Воинам потребовалось 14 дней, дабы выследить подходящую особь. Действительно, у убитого американского лося не было внушительных рогов, о чем намерено просил Джефферсон, но Салливан предусмотрительно добавил рога то ли несложного сохатого, то ли оленя, предложив приделать их вместо настоящих. В итоге, кто в том месте во Франции разберется?

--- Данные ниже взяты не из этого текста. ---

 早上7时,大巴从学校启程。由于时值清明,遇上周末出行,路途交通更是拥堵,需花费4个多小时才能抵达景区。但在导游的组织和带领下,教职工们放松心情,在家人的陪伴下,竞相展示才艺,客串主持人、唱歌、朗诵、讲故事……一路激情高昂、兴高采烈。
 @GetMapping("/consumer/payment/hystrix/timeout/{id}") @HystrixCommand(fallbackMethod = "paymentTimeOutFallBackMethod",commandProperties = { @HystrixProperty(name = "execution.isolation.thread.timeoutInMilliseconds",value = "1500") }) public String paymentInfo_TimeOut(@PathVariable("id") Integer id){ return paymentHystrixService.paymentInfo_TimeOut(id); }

Атем временем в Филадельфии – городе, где жил Уистар, – натуралисты начали собирать кости огромного слоноподобного существа, сперва известного как «великий американский инкогнитум», но потом определенного, не совсем верно, как мамонт. Первые из этих костей были найдены в месте называющиеся Биг Боун Лик, в штате Кентукки, но не так долго осталось ждать они стали поступать отовсюду. Выясняется, Америка когда-то была отчизной существа вправду внушительных размеров – для того чтобы, которое, без сомнений, обосновывало ложность нелепых галльских догадок Бюффона.

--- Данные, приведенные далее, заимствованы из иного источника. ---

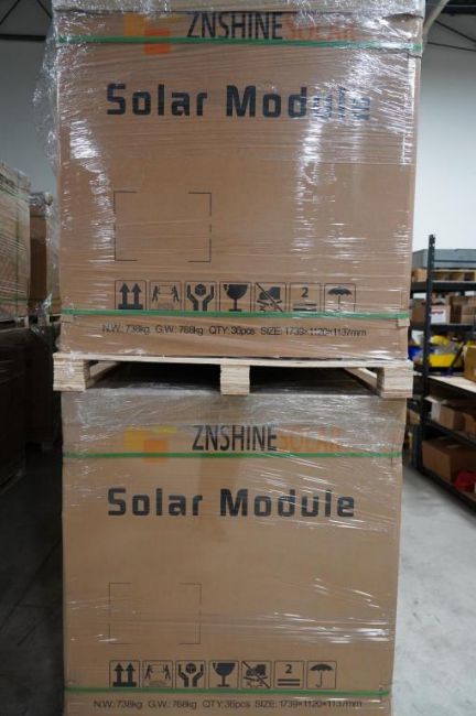 ZNShine ZXM6-NH120-370M Lot: (4) Pallets of 370 Watt Photovoltaic Solar Panels, 36 Panels per Crate. HIT# 2354515. Asset Located at 6314 Eastwood Court, Mequon, WI 53092.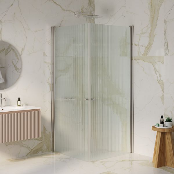 מקלחון פינתי, שתי דלתות על ציר נפתחות פנימה והחוצה

В собственном рвении показать свирепость и огромные размеры инкогнитума американские натуралисты, наверное, легко увлеклись. Они преувеличили его размеры раз в 6 и снабдили его ужасными когтями, каковые в действительности принадлежали отысканному поблизости мегалониксу, либо огромному наземному ленивцу.

Достаточно страно, что они убедили себя в том, словно бы это животное владело «свирепостью и подвижностью тигра», и на иллюстрациях изображали его с кошачьей грацией кидающимся из-за камней на добычу. В то время, когда же обнаружились бивни, их любыми хитроумными методами втискивали в череп животного. Один из реставраторов ввернул их вверх тормашками, подобно клыкам саблезубого тигра, что придавало животному поразительно враждебный вид.

Второй пристроил бивни так, что они загибались назад, исходя из предположения, что это существо обитало в воде и пользовалось ими как якорем, цепляясь за деревья на протяжении сна. Но самым надежным мыслью довольно инкогнитумов было то, что они, по всей видимости, вымерли, за что с удовольствием и уцепился Бюффон как за неоспоримое свидетельство их дегенеративного естества.

Бюффон погиб во второй половине 80-ых годов восемнадцатого века, но спор длился своим чередом. В 1795 году комплект костей отправился в Париж, где их изучил юный аристократ Жорж Кювье, восходящая звезда палеонтологии. Кювье уже поражал воображение людей своим талантом сколачивать из кучи разрозненных костей пропорционально сложенные фигуры.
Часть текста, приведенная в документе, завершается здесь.